(Extracted information)
□ □ □ □ □

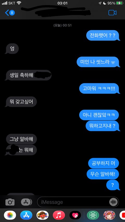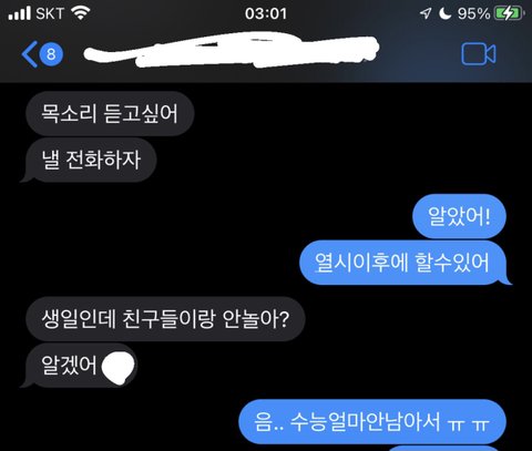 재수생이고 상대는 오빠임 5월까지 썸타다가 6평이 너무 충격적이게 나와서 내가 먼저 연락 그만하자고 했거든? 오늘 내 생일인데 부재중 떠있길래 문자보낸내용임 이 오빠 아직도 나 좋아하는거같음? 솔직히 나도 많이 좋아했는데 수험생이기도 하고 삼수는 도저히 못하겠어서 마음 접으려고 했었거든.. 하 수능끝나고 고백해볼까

□ □ □ □ □

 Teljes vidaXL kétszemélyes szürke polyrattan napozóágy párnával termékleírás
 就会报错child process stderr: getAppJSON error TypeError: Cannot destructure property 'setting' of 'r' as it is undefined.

□ □ □ □ □

(Task)
Within the listing above, extract exactly the lines from the line with "Teljes vidaXL kétszemélyes" to the line with "就会报错child process stderr: getAppJSON", the two named lines included, and no others.

(Response to the exercise)
 Teljes vidaXL kétszemélyes szürke polyrattan napozóágy párnával termékleírás
 就会报错child process stderr: getAppJSON error TypeError: Cannot destructure property 'setting' of 'r' as it is undefined.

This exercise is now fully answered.